*SUPPLIED DATA*
*****

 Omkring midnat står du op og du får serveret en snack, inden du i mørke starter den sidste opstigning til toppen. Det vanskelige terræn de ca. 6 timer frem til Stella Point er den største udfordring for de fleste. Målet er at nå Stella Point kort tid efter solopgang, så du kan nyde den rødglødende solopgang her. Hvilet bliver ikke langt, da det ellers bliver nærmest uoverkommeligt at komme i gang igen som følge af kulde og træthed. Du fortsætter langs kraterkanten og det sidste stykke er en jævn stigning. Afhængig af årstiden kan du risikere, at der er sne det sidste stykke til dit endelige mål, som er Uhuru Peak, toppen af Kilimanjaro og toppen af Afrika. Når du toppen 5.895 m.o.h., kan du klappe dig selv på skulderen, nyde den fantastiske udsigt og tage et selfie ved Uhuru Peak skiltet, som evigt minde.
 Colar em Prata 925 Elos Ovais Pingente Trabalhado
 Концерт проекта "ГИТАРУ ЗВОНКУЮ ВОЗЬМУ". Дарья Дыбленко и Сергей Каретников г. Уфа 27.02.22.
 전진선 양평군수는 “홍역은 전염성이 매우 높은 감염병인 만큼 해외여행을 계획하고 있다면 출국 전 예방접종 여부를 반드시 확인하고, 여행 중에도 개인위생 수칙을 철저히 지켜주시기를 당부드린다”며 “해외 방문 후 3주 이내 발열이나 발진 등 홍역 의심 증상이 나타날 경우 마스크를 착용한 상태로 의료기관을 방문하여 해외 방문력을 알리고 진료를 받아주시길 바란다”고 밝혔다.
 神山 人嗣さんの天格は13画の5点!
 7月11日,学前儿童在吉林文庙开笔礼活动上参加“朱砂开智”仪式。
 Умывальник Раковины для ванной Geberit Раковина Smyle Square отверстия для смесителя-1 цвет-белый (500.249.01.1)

*****

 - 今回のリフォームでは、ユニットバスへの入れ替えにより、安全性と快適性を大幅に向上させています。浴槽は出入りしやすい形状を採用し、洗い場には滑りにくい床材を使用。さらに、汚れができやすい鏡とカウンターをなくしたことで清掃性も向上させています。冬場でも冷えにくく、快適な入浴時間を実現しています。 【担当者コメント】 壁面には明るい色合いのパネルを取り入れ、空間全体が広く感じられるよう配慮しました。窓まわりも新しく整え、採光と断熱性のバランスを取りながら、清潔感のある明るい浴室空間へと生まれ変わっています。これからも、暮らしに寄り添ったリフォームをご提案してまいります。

*****

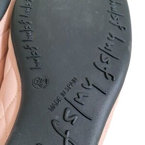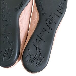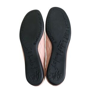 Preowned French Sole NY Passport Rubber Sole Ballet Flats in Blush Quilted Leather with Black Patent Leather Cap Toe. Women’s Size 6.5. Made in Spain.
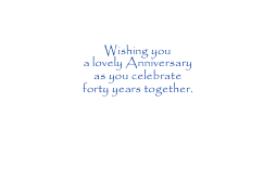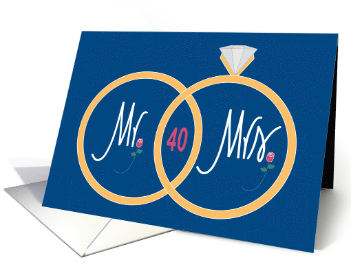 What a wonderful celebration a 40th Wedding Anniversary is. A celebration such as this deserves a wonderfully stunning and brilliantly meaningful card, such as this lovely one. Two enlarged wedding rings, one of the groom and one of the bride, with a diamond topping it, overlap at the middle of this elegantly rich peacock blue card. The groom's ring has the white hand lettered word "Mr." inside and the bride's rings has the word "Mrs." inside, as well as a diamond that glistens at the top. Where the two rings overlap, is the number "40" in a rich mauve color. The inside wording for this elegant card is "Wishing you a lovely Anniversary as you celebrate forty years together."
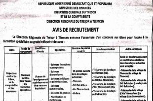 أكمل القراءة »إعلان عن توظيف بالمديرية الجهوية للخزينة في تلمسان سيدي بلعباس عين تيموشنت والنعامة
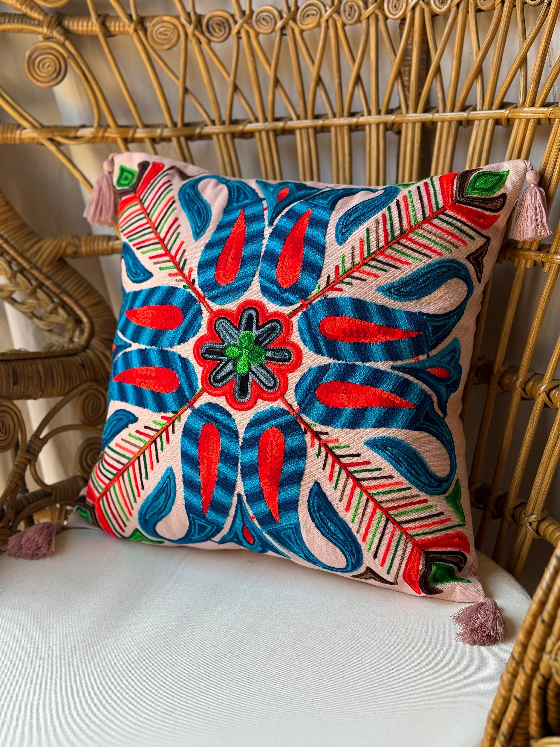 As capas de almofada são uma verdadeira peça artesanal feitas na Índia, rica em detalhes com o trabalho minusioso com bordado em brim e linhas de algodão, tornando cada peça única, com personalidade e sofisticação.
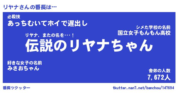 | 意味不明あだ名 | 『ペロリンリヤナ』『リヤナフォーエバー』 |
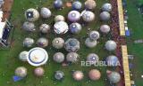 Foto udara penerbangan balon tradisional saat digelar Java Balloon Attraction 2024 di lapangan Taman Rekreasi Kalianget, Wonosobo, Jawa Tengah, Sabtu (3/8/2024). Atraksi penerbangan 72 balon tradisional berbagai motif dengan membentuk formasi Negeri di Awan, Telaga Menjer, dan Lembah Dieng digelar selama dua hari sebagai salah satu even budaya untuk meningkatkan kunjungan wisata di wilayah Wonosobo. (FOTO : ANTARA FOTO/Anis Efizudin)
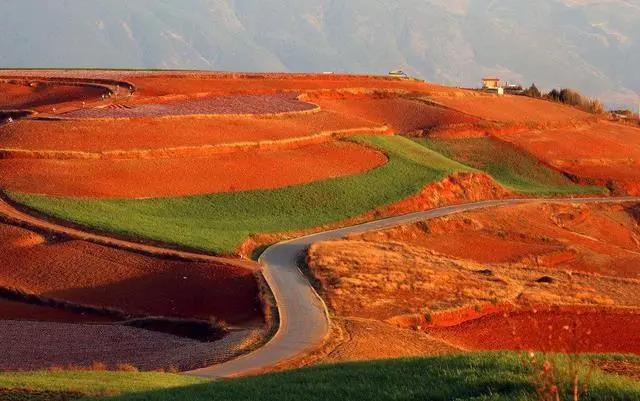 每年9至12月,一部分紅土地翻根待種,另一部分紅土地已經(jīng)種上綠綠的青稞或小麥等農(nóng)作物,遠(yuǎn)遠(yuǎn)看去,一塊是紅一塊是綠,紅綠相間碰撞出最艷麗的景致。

*****

*YOUR TASK*
Excluding any pictures, print exactly the lines of the listing above from the line with "As capas de" to the line with "每年9至12月,一部分紅土地", both ends included.

*YOUR SOLUTION*
 As capas de almofada são uma verdadeira peça artesanal feitas na Índia, rica em detalhes com o trabalho minusioso com bordado em brim e linhas de algodão, tornando cada peça única, com personalidade e sofisticação.
 | 意味不明あだ名 | 『ペロリンリヤナ』『リヤナフォーエバー』 |
 Foto udara penerbangan balon tradisional saat digelar Java Balloon Attraction 2024 di lapangan Taman Rekreasi Kalianget, Wonosobo, Jawa Tengah, Sabtu (3/8/2024). Atraksi penerbangan 72 balon tradisional berbagai motif dengan membentuk formasi Negeri di Awan, Telaga Menjer, dan Lembah Dieng digelar selama dua hari sebagai salah satu even budaya untuk meningkatkan kunjungan wisata di wilayah Wonosobo. (FOTO : ANTARA FOTO/Anis Efizudin)
 每年9至12月,一部分紅土地翻根待種,另一部分紅土地已經(jīng)種上綠綠的青稞或小麥等農(nóng)作物,遠(yuǎn)遠(yuǎn)看去,一塊是紅一塊是綠,紅綠相間碰撞出最艷麗的景致。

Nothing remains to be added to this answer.